Estas tensiones llevaron a Trump a anunciar que retiraría tropas de sus bases europeas, lo que para Europa confirma que va a tener que arreglarse sola contra Rusia y por eso ya empezaron un rearme a todo vapor.
Cumbre Trump y Xi Jinping
En este momento termina de producirse el encuentro entre Trump y Xi Jiping, una reunión que fue pospuesta por la guerra en Irán.
Para reforzar su posición, previamente Scott Bessent, hizo una parada en Japón, tal vez, el aliado más confiable que tiene Trump en Asia para el enfrentamiento con China. Japón, aunque en un estancamiento económico permanente, sigue siendo una gran potencia imperialista. Con la primera ministra Sanae Takaichi, está armándose hasta los dientes y no se descarta que pudiese obtener armamento nuclear en el corto plazo, abandonando la tradicional posición de no proliferación nuclear de este país.
Trump no llega a la reunión con la ventaja que esperaba tener en marzo habiendo derrotado a Irán, pero se sigue mostrando a la ofensiva, lo que quedó expresado en la extensa comitiva integrada por los CEO de las principales empresas tecnológicas y financieras, junto con sus funcionarios de primera línea. Sin embargo, fue sin atropellar como es su costumbre a los dirigentes que considera inferiores, sino con mucho respeto, tratando como “amigo” a Xi Jinping y como un igual. El motivo de tanto respeto fue la necesidad de contar con el apoyo chino para resolver la guerra con Irán en la cual está empantanado.
Al finalizar la reunión, Trump declaró que Xi Jinping compartía su posición de que Irán no debe tener un arma nuclear, que el estrecho de Ormuz debe ser liberado sin que los buques que por allí transitan deban pagar peajes y se comprometió a no darle apoyo militar Irán. Pero no deja de ser una declaración general, ya que el apoyo chino a Irán hasta donde se conoce ha consistido en información satelital y combustible para sus misiles.

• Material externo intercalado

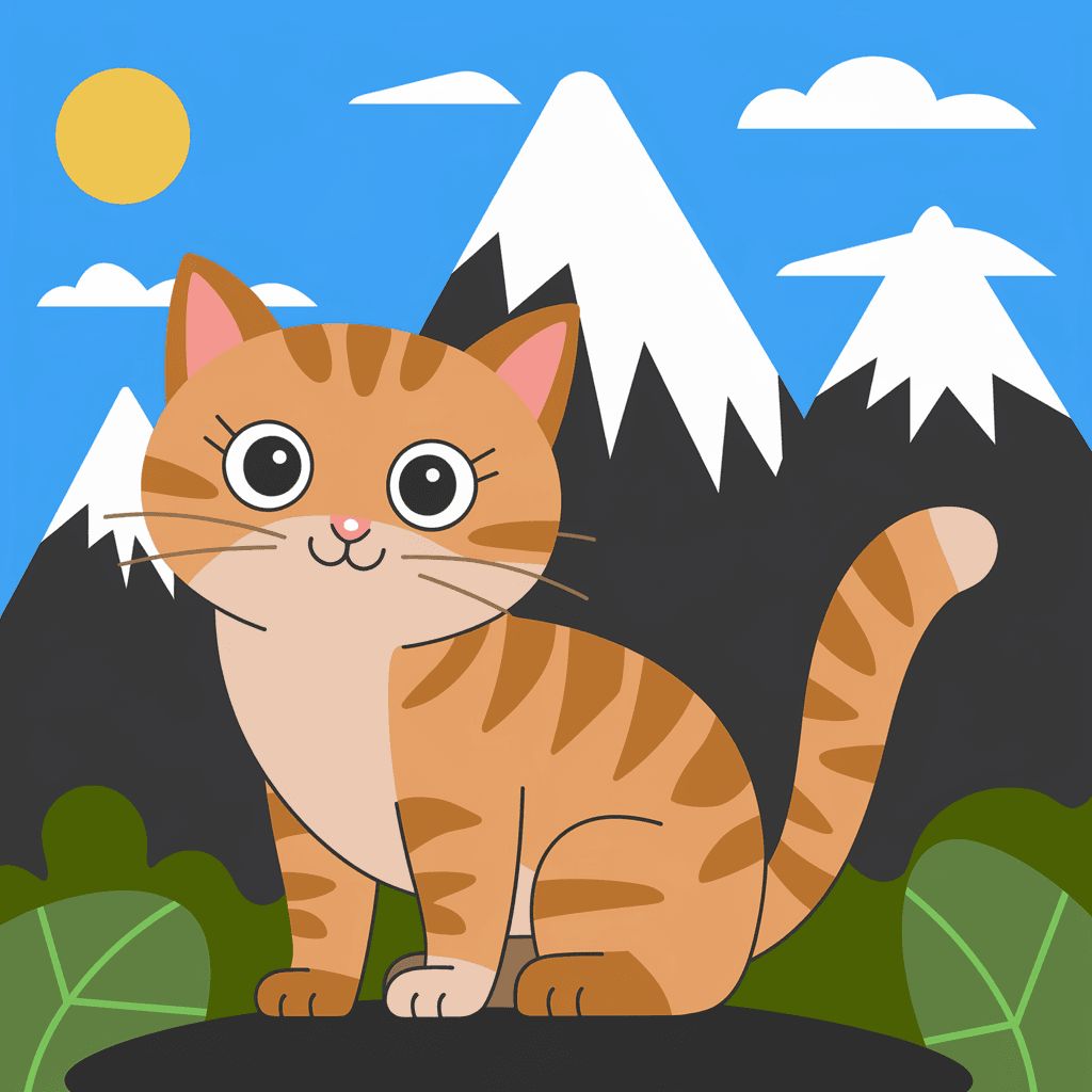 Gambar kucing yang berdiri di depan pemandangan pegunungan yang menjulang tinggi, menciptakan kesan heroik dan inspiratif.

China por su parte le reclama a EE-UU que deje de armar a Taiwán. Antes de la reunión Trump dejó pendiente el envío de armamento por 14 mil millones de dólares a Taipei. Pero no se sabe todavía si hizo concesiones en ese plano a China.
Por sobre los modos diplomáticos, habrá que ver en la práctica concreta los resultados de la reunión.